/---
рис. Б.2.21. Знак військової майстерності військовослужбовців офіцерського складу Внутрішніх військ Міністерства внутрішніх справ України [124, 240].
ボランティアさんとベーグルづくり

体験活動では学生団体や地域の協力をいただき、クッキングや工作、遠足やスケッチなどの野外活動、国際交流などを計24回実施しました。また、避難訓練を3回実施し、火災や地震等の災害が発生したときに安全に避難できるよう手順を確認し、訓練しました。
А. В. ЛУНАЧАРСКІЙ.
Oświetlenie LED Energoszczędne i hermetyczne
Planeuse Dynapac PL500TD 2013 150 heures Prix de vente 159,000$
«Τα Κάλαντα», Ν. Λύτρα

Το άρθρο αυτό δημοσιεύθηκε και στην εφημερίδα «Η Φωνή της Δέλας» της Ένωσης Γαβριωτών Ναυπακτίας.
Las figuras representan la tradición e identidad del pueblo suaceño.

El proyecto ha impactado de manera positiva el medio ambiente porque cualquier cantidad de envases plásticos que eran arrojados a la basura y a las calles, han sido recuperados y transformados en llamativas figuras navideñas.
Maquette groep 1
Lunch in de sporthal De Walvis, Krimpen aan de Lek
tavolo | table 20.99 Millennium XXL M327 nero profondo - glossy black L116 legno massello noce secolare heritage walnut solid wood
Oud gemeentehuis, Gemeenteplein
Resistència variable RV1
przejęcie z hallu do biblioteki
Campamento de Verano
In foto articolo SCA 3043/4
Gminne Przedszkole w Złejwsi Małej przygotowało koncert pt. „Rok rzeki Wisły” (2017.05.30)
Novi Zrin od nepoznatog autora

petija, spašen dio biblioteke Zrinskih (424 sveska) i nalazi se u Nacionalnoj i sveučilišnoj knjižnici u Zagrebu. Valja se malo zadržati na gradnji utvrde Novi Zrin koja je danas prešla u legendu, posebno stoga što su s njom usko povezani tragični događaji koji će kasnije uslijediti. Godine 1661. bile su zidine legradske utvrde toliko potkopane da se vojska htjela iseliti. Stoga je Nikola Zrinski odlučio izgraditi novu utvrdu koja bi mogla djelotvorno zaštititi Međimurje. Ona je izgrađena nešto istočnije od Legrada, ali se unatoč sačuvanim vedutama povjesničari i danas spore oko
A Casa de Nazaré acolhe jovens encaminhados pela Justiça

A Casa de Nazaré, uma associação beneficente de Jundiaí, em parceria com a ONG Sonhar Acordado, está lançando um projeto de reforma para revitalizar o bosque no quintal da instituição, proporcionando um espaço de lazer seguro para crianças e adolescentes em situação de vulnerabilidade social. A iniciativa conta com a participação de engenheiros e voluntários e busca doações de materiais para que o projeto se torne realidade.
\---
/---
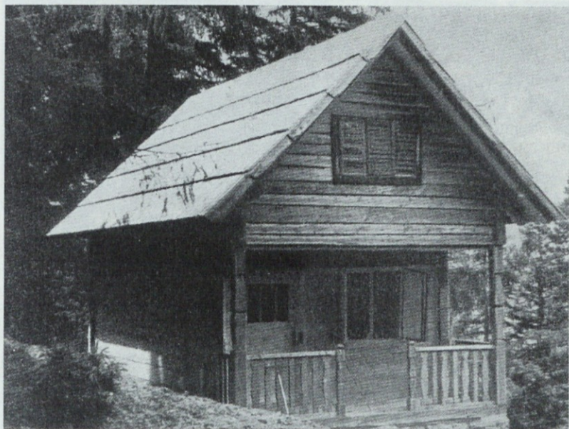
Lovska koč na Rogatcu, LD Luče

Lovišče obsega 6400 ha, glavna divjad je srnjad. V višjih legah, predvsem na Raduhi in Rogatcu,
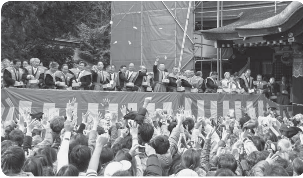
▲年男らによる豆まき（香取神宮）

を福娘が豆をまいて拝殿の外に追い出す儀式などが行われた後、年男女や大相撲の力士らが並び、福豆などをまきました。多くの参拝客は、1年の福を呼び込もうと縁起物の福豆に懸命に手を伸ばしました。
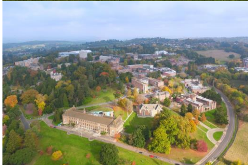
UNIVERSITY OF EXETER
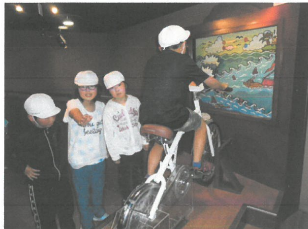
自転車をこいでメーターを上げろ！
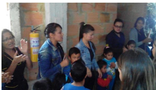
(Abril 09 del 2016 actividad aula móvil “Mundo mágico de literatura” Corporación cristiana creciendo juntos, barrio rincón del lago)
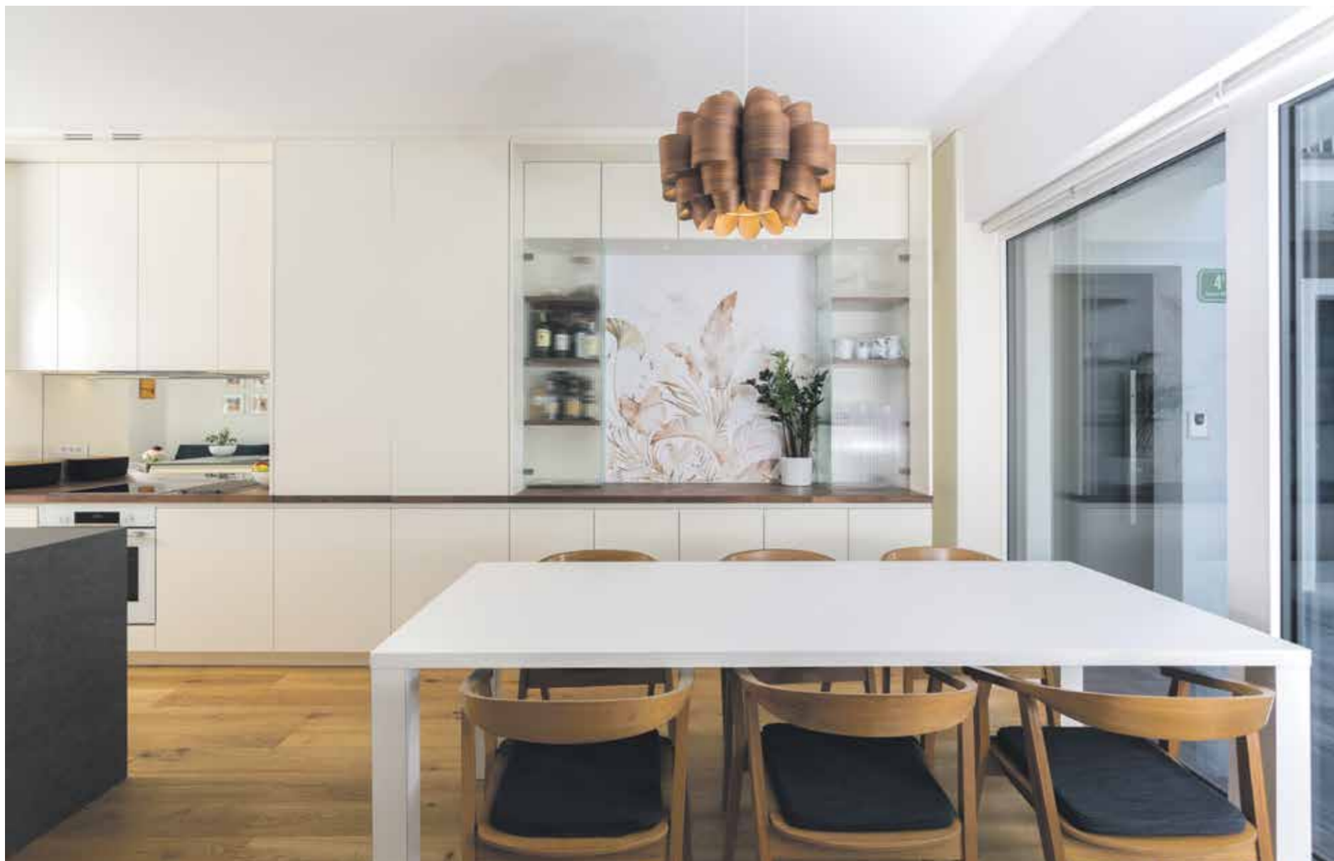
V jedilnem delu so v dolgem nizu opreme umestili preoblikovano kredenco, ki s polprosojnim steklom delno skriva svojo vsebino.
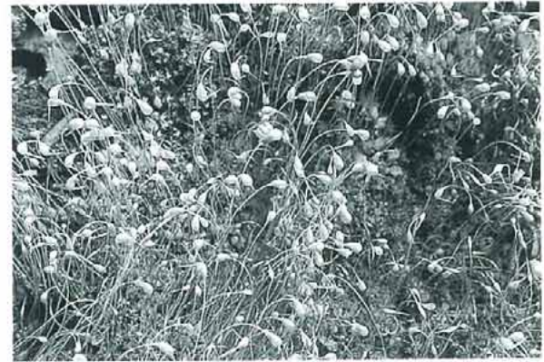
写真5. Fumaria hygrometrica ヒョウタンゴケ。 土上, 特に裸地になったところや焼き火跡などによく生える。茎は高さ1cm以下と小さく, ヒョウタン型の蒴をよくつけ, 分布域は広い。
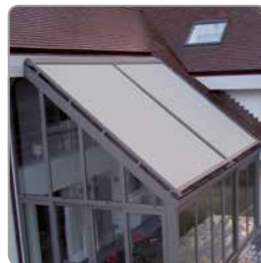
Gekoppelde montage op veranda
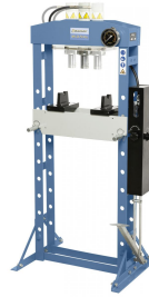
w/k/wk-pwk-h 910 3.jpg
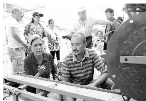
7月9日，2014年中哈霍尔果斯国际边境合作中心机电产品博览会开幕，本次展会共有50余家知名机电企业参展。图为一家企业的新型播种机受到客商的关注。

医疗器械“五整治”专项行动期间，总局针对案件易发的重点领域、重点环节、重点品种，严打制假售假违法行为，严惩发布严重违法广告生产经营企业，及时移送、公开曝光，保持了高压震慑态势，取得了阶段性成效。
\---
/---
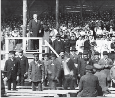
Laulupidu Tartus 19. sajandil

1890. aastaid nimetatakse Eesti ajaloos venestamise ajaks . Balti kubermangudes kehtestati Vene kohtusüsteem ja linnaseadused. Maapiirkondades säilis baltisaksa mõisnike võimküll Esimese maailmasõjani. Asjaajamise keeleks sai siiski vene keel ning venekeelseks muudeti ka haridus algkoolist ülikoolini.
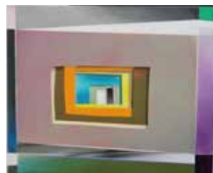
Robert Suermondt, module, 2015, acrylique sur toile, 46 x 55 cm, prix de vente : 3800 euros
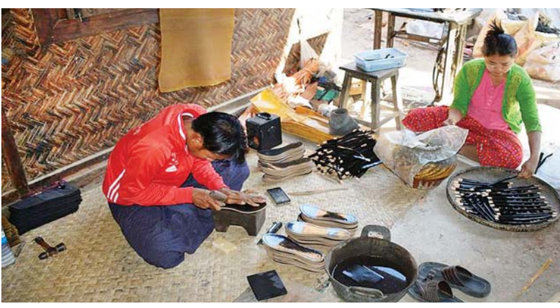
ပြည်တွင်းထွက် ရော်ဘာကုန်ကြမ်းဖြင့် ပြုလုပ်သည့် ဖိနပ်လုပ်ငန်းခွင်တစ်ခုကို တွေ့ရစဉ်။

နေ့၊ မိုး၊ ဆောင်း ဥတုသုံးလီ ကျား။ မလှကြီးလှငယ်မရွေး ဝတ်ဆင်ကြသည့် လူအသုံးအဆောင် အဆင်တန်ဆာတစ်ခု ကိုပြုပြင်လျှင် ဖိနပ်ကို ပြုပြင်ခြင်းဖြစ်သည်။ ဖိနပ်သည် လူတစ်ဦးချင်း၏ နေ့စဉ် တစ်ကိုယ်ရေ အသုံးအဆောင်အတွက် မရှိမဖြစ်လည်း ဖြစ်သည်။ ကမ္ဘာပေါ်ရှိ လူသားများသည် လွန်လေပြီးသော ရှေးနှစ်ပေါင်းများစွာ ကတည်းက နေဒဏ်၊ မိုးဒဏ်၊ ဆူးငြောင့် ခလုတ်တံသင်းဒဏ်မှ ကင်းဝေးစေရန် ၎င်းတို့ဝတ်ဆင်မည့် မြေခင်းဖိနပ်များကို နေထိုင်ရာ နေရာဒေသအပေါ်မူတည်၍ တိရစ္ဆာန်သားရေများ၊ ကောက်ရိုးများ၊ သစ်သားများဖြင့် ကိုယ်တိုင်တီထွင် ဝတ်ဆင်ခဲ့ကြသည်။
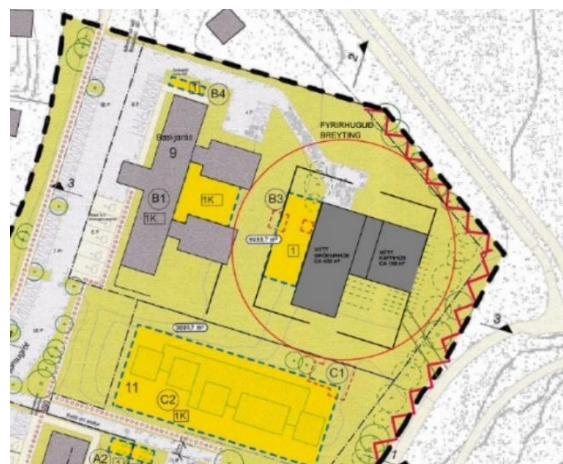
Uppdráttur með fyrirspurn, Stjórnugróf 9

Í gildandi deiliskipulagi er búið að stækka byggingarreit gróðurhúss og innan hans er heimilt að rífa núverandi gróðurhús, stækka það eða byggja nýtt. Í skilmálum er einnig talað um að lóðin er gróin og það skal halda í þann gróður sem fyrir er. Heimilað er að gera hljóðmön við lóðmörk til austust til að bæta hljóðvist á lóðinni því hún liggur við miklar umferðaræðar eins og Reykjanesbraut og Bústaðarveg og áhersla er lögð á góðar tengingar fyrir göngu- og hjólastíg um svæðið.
\---
| EXERCISE AIM |
From the data, list each line in which the string "figuras" appears.

| TASK RESULT |
Las figuras representan la tradición e identidad del pueblo suaceño.
El proyecto ha impactado de manera positiva el medio ambiente porque cualquier cantidad de envases plásticos que eran arrojados a la basura y a las calles, han sido recuperados y transformados en llamativas figuras navideñas.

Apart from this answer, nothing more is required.